Protein mapping identifies compounds with potential antiviral activity against COVID-19
Nearly 70 compounds, including approved drugs and those still under clinical and preclinical investigation, may have potential activity against severe acute respiratory syndrome coronavirus 2 (SARS-CoV-2), the causative agent of coronavirus disease 2019 (COVID-19), a new study has found.
“We are currently testing these compounds for antiviral activity and encourage others to do the same as well as extract insights from the map that could have therapeutic value,” the researchers said. The study, released online on 22 March 2020, is a preprint pending peer review.
Honing in on human cell proteins that come into physical contact with the virus, the researchers found 332 high-confidence protein-protein interactions (PPIs). Many of these prey proteins turned out to be enriched in lung tissues relative to the average proteome. [bioRxiv 2020;doi:10.1101/2020.03.22.002386]

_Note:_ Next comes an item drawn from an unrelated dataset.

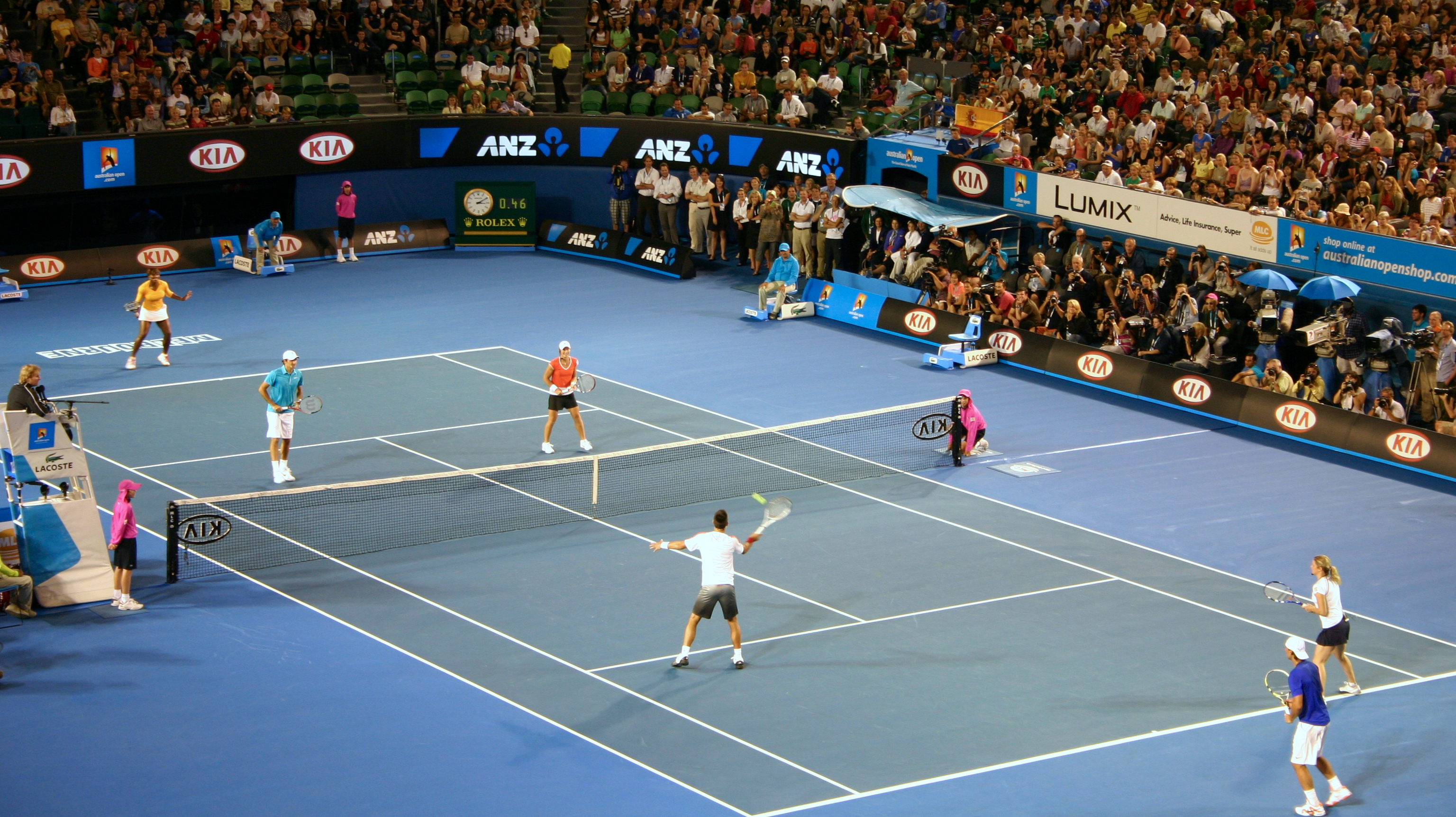 Red Team vs. Blue Team at Rod Laver Arena, during a quickly organized "Hit for Haiti" charity event held just prior to the 2010 Australian Open. Thought up by Roger Federer, the players were organized into two four-person teams (named for the colors in the Haitian flag), allowed substitutions, and wore microphones during play. Proceeds from the event were to go towards helping with the relief effort of the 2010 Haiti earthquake. The Red Team (far court) was made up of Federer, Serena Williams, Lleyton Hewitt, and Samantha Stosur. The Blue Team (near court) was Rafael Nadal, Novak Djokovic, Andy Roddick, and Kim Clijsters. All except Hewitt and Roddick are playing in this photo.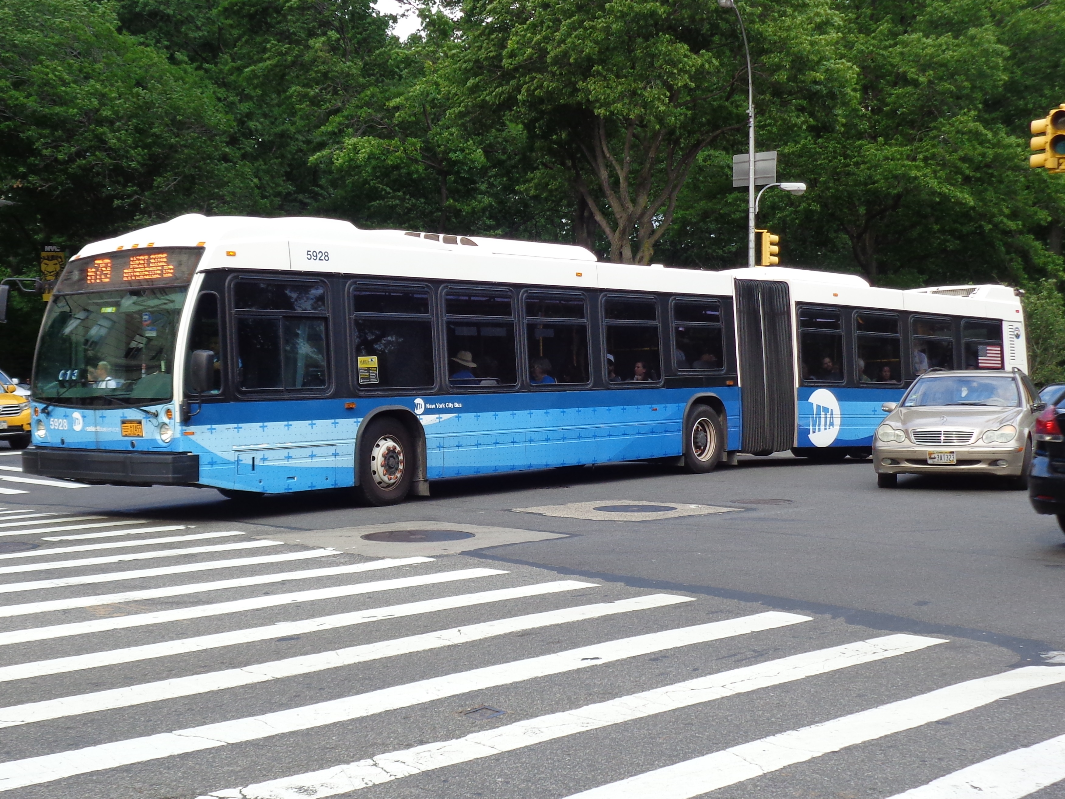 A 79th Street Boat Basin-bound M79 SBS bus exiting the 79th Street Transverse, at 81st Street and Central Park West near the American Museum of Natural History in the Upper West Side, Manhattan.

Not only does this provide more evidence that SARS-CoV-2 optimally targets the lungs, but this level of tissue-specific expression may also “facilitate the drug targeting of host factors with fewer systemic side-effects,” the researchers pointed out.
Sixty-nine potential agents were identified through pathway analyses and by drawing from chemoinformatic databases. Twenty-eight of these small-molecule compounds were preclinical candidates and 19 were classified as investigational new drugs undergoing clinical study. The remaining 27 were already approved by the US Food and Drug Administration, indicated for other purposes.
These 69 agents map onto 66 human targets out of the 332-protein network, several of which interact in mechanistically interesting ways. Bafilomycin A1, for example, is known to inhibit the prey protein V1-ATPase, which may disrupt cellular trafficking pathways and, in turn, the viral life cycle.
The anticonvulsant valproic acid, on the other hand, is able to block the action of HDAC2 (histone deacetylase 2), a well-known epigenetic regulator that plays a role in suppressing the expression of inflammatory genes in the lungs.
The chemoinformatic analysis also revealed compounds that acted indirectly, targeting intermediaries between human cell-virus binding or central proteins in pathways that govern such linkages.
“It is important to note that pharmacological intervention with the agents we identified in this study could be either detrimental or beneficial for infection,” the researchers cautioned.
“Future work will involve generation of protein-protein interaction maps in different human cell types, as well as bat cells, and the study of related coronaviruses,” which should allow for a better understanding of cross-species transmission and viral evolution, they added.
“Targeted biochemical and structural studies will also be crucial for a deeper understanding of the viral-host complexes, which will inform more targeted drug design,” the researchers said.
The 332-protein network also uncovered important aspects of the SARS-CoV-2 biology. The virus, for instance, targets human proteins involved in DNA replication, gene expression, signalling, RNA regulation, as well as cytoskeletal, mitochondrial and extracellular matrix proteins.
Of note, several prey proteins were players in the innate immune pathway, including the TANK-binding kinase 1 and multiple modulators of the NF-ĸB signalling pathway.
“Although host-directed therapy is often not explored for combating pathogenic infections, it would be interesting to use this information to identify host factors that could serve as targets that would harbour pan-pathogenic activity so that when the next virus undergoes zoonosis, we will have treatment options available,” the researchers said.